The goal is a clean copy of all the data below, with pictures dropped and everything else retyped exactly.

• _Stored data_
──────────

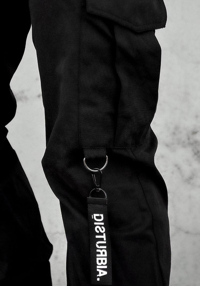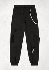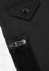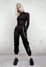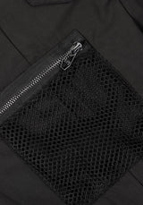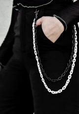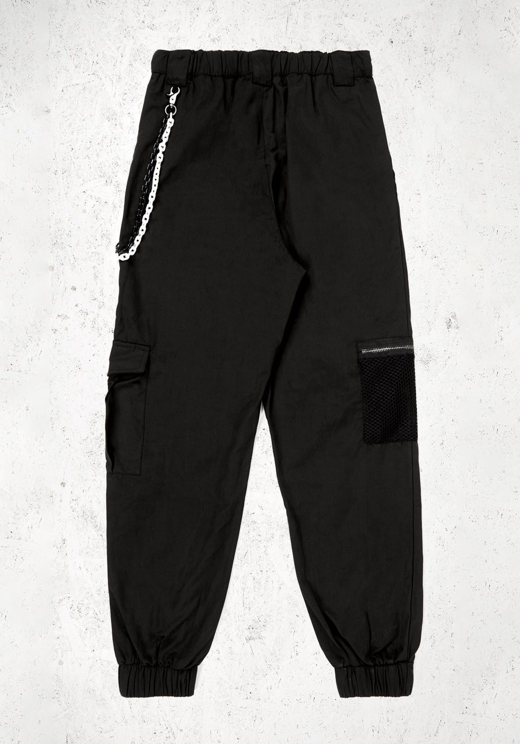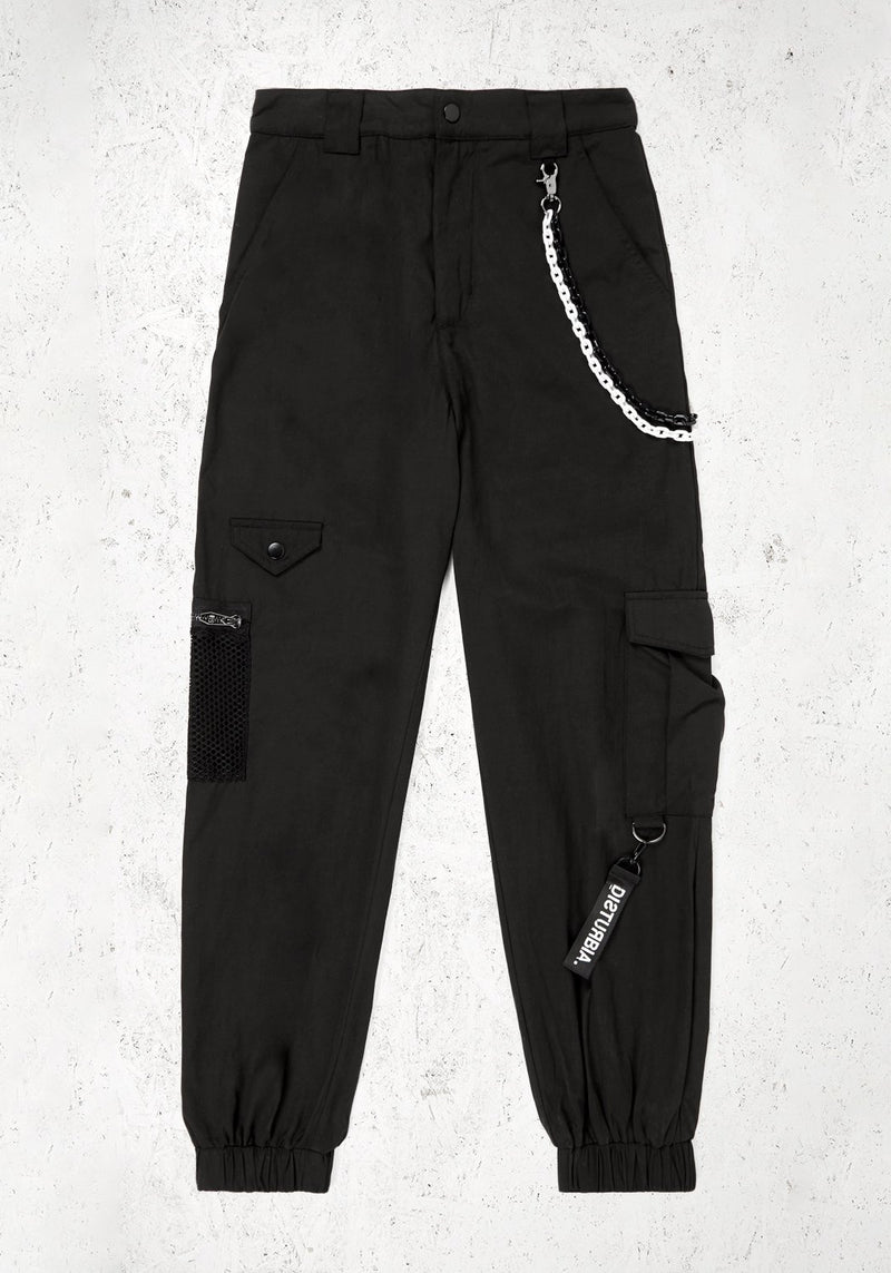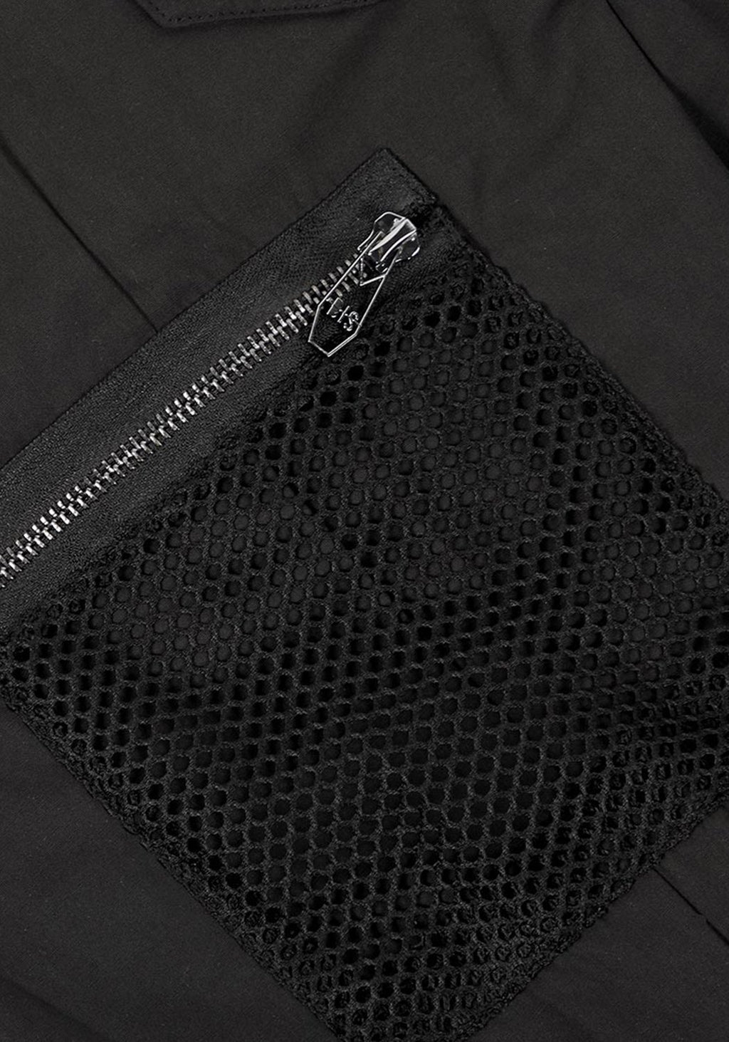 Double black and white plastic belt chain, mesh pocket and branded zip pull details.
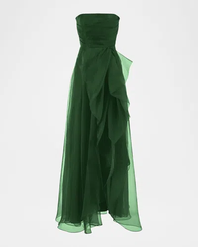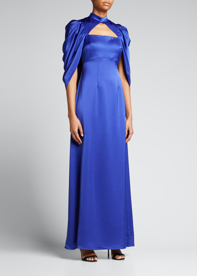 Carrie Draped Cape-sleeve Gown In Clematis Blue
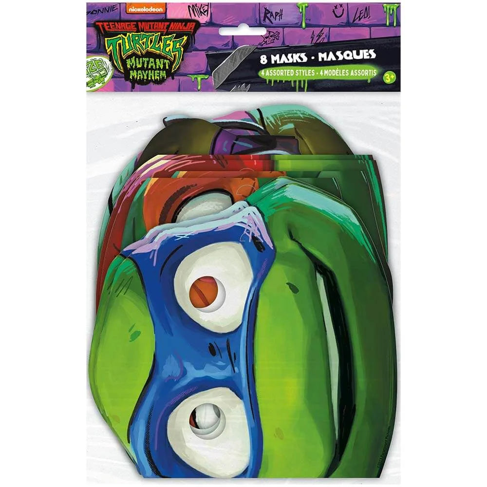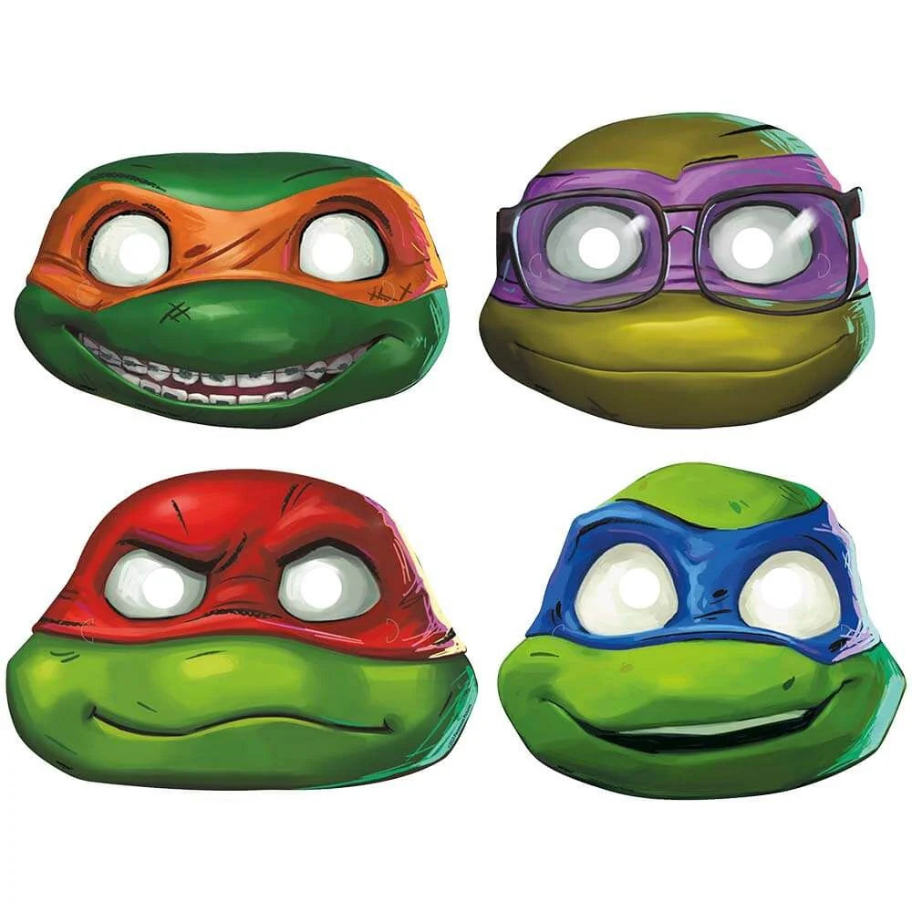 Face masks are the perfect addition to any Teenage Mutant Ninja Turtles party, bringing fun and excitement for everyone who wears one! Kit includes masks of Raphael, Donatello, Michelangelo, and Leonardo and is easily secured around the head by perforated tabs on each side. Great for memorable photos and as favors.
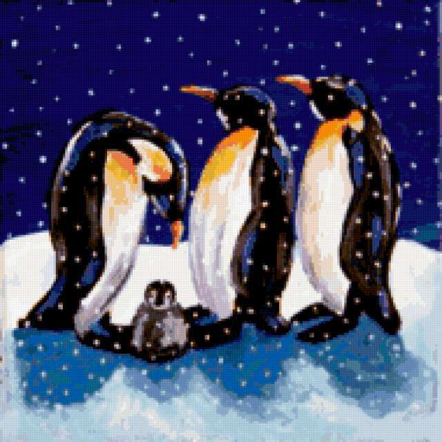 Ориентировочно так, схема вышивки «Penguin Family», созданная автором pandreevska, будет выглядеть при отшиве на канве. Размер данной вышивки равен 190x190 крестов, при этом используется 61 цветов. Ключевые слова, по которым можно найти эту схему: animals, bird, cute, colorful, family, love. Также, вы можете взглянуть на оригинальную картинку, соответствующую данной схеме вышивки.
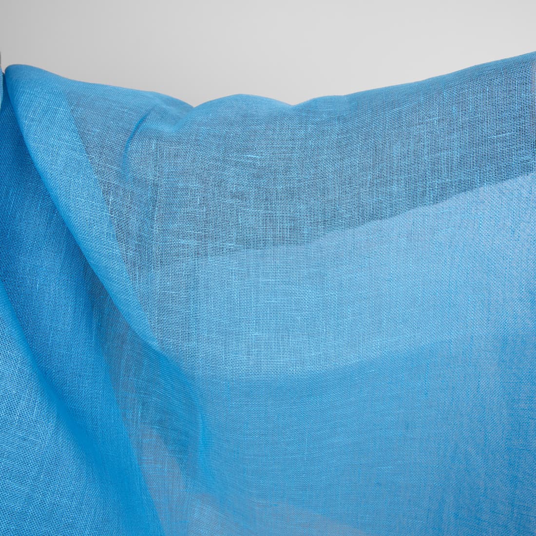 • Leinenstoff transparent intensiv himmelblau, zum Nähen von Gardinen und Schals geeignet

──────────

• _Worked solution_
 Double black and white plastic belt chain, mesh pocket and branded zip pull details.
 Carrie Draped Cape-sleeve Gown In Clematis Blue
 Face masks are the perfect addition to any Teenage Mutant Ninja Turtles party, bringing fun and excitement for everyone who wears one! Kit includes masks of Raphael, Donatello, Michelangelo, and Leonardo and is easily secured around the head by perforated tabs on each side. Great for memorable photos and as favors.
 Ориентировочно так, схема вышивки «Penguin Family», созданная автором pandreevska, будет выглядеть при отшиве на канве. Размер данной вышивки равен 190x190 крестов, при этом используется 61 цветов. Ключевые слова, по которым можно найти эту схему: animals, bird, cute, colorful, family, love. Также, вы можете взглянуть на оригинальную картинку, соответствующую данной схеме вышивки.
 • Leinenstoff transparent intensiv himmelblau, zum Nähen von Gardinen und Schals geeignet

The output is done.